Exercise instructions: Skip the pictures. Output only the lines below starting at the line with "We consider 1+1" and ending at the line with "トレンドのくすみカラーの華やかな正絹の帯締め。", both ends included, exactly as they are.

Material to process:
= = =
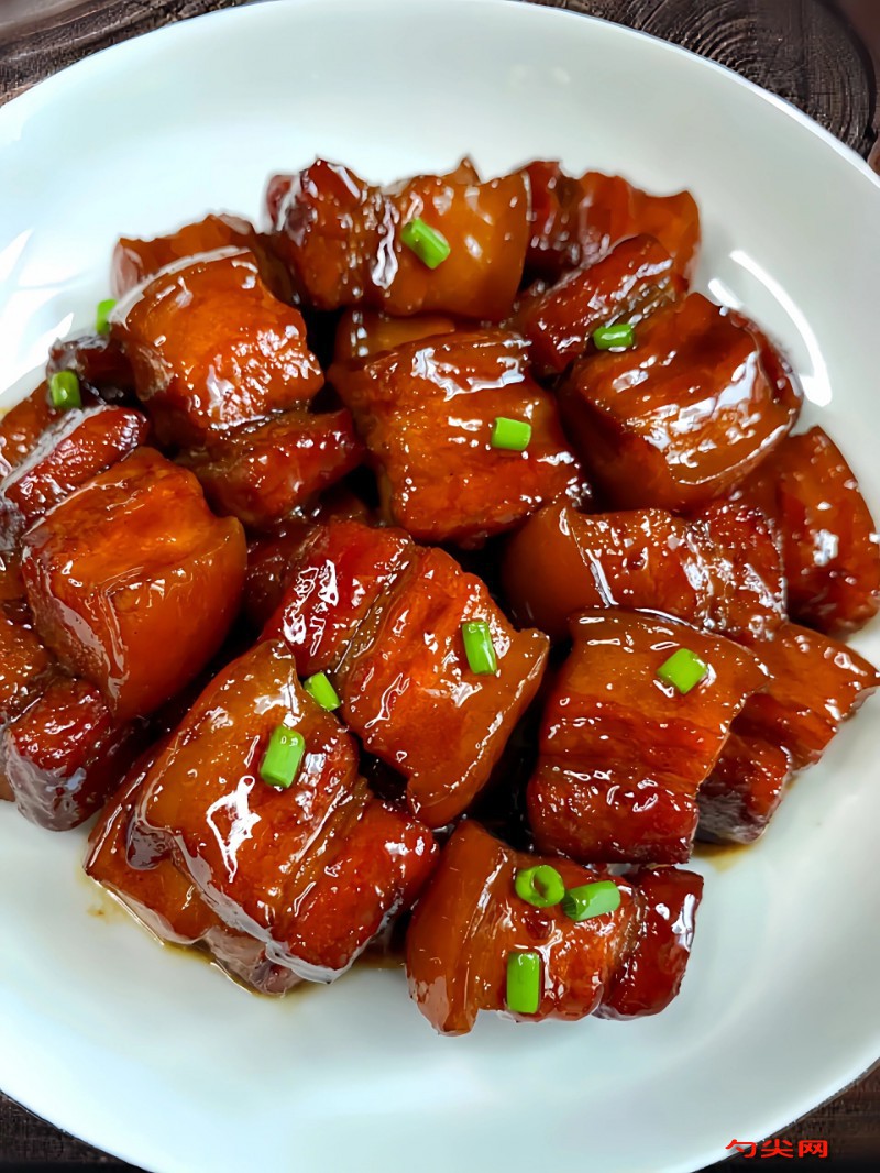 配方:將五花肉洗凈,切成大小均勻的方塊,用提前溶解的富磷聯B腌制30分鐘,放入鍋中,加入冷水,水要沒過肉塊。大火燒開后煮2-3分鐘,撈出備用。生姜、大蒜、大蔥洗凈,切成末備用。熱鍋涼油,放入冰糖,小火炒出糖色。加入五花肉塊,翻炒均勻,使肉塊表面裹上糖色。再加入生姜末、大蒜末、大蔥末、八角、桂皮、香葉、干辣椒,炒出香味。接著加入料酒、味達蕾901號、生抽、老抽,翻炒均勻。加入清水,沒過肉塊,大火燒開后轉小火燜煮40-50分鐘,直到肉塊熟透入味。最后大火收汁,湯汁濃稠即可關火,裝盤后撒上一些蔥花即可。
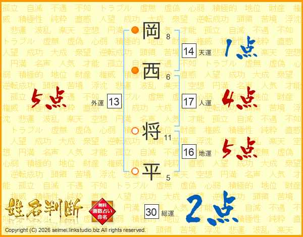 生活面を象徴する運勢です。外部から受ける影響力を表し、結婚運、家庭運や職場、環境への順応性を表します。総運から人運を引いた画数。姓や名が1文字の場合を除く。
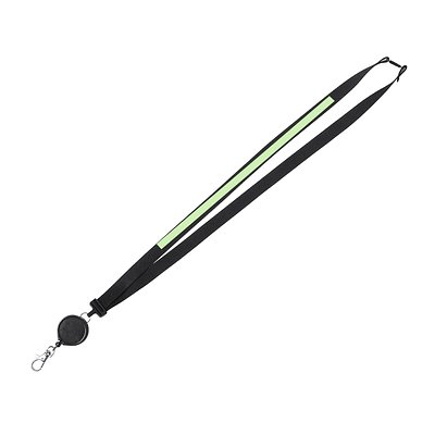 Praktischer Lanyard aus Polyester. Mit Sicherheitsverschluss im Nacken, ausziehbarem Zubehör und Metallkarabiner sowie Clip und Druckfläche für das Logo. Erhältlich in Schwarz und Weiss.
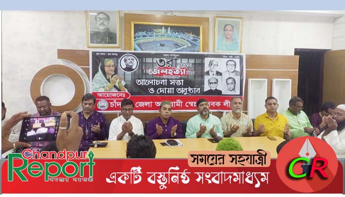 জেল হত্যা দিবসে চাঁদপুর জেলা আওয়ামী স্বেচ্ছাসেবক লীগের আলোচনাসভা ও দোয়া
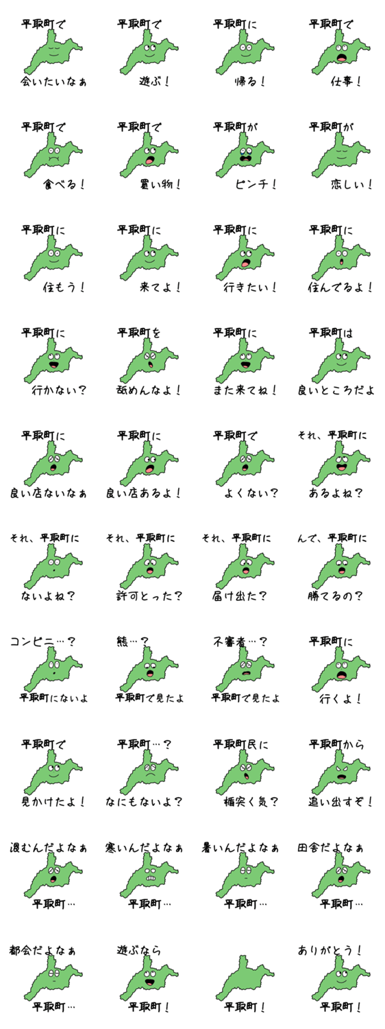 北海道日高振興局平取町(ひだかしんこうきょくびらとりちょう)に変身してしまったスライムのオリジナルスタンプです。
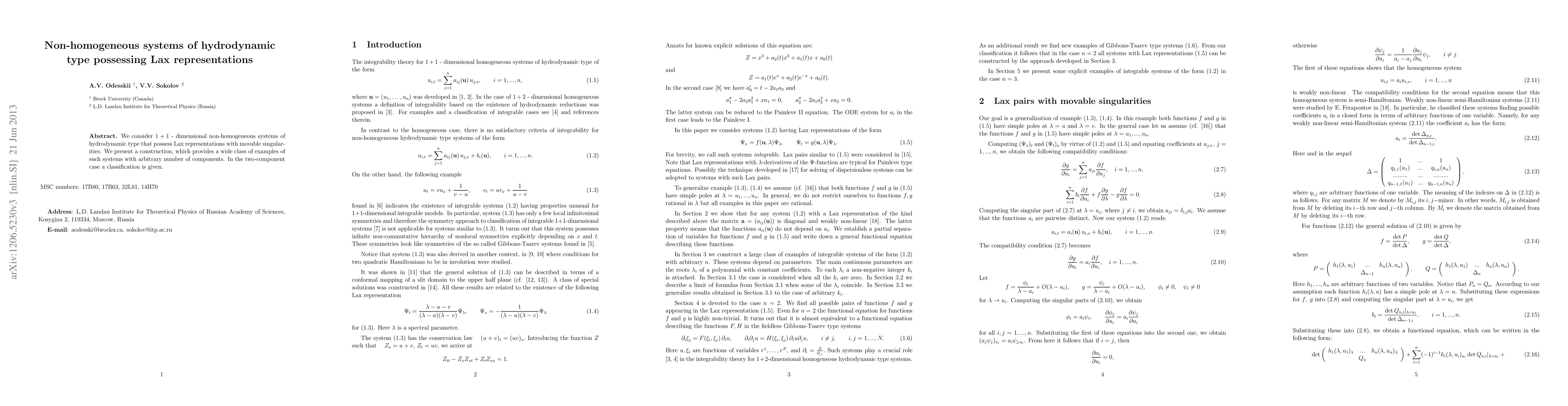 We consider 1+1 - dimensional non-homogeneous systems of hydrodynamic type that possess Lax representations with movable singularities. We present a construction, which provides a wide class of examples of such systems with arbitrary number of components. In the two-component case a classification is given.
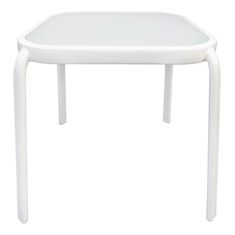 Streamlined with just a touch of retro, our white steel outdoor patio end table exudes simple contemporary design. Crafted of painted metal with a tempered glass top, this side table strikes a clean-lined square silhouette on four straight legs. This table will provide a perfect platform for drinks and nibbles at your next backyard bash.
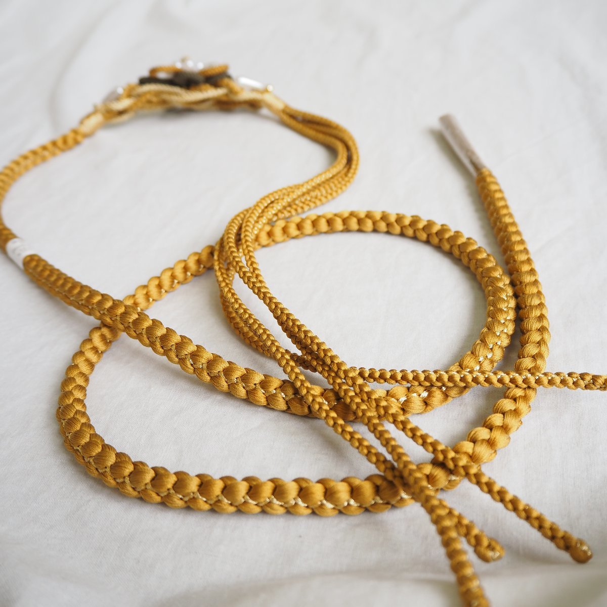 トレンドのくすみカラーの華やかな正絹の帯締め。
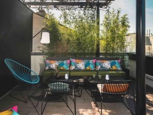 Enjoy a stunning view of the Eiffel Tower and Paris rooftops from the 7th floor of the hotel! From May to September, come and enjoy the Lounge Bar View Rooftop, bathed in soft summer evening rays, with friends, family or a special someone.
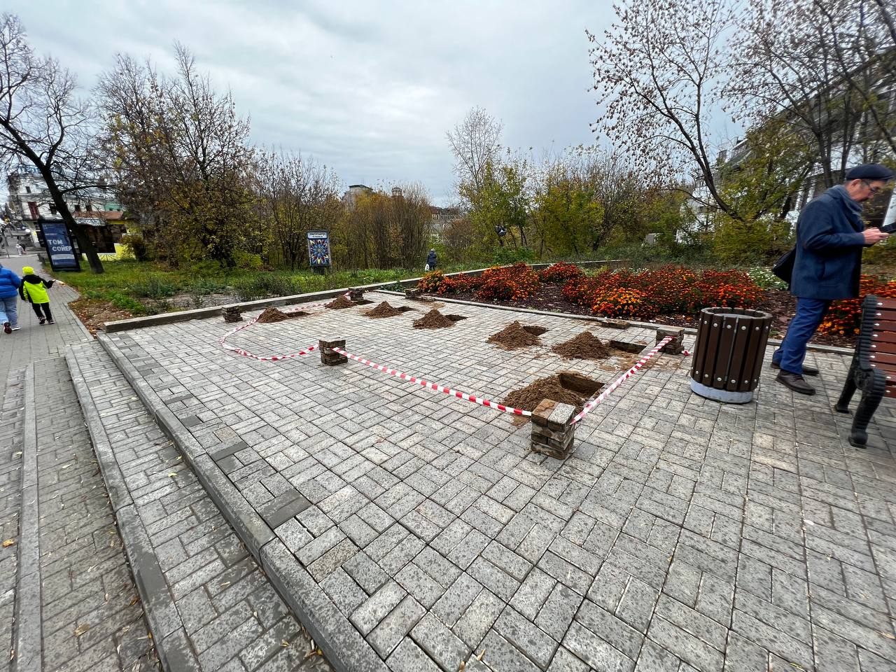 Также, судя по ямкам на брусчатке, остановчный павильон будет не очень большим и явно не соответствует тому остановочному павильону, который можно построить за те два года, которые прошли с момента сноса старого. Напомним, что глава администрации города Вячеслав Симаков, обсуждая данный павильон с ведущими программы "Дневной разворот" на радио "Киров Град" заявил, что администрация намерена поставить на этой остановке временный павильон , чтобы впоследствии за счет партнерства с бизнесом установить действительно хороший павильон, в том числе оснащенный помещениями для осуществления коммерческой деятельности.
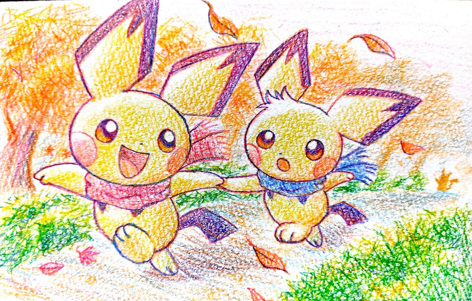 The Pichu brothers play with the fallen leaves.
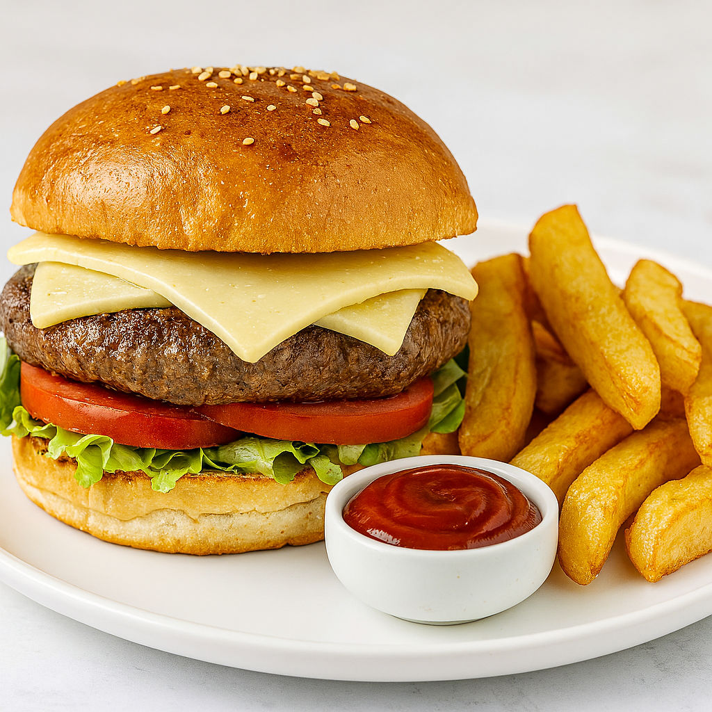 Carne artesanal, doble queso, papas fritas, tomate, lechuga y cremas a elección.
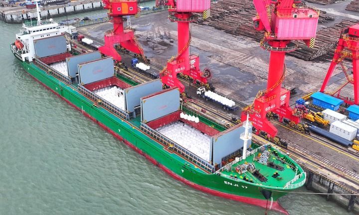 2026年3月18日,在江苏张家港锦隆重件码头,国际航行船舶在泊位上有序卸运进口化肥(无人机照片)。新华社发(赵国政摄)
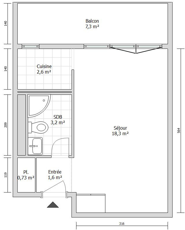 Composé d'une entrée avec placard, d'un Séjour avec coin cuisine et d'une salle d'eau avec WC.
= = =
Answer below:
 We consider 1+1 - dimensional non-homogeneous systems of hydrodynamic type that possess Lax representations with movable singularities. We present a construction, which provides a wide class of examples of such systems with arbitrary number of components. In the two-component case a classification is given.
 Streamlined with just a touch of retro, our white steel outdoor patio end table exudes simple contemporary design. Crafted of painted metal with a tempered glass top, this side table strikes a clean-lined square silhouette on four straight legs. This table will provide a perfect platform for drinks and nibbles at your next backyard bash.
 トレンドのくすみカラーの華やかな正絹の帯締め。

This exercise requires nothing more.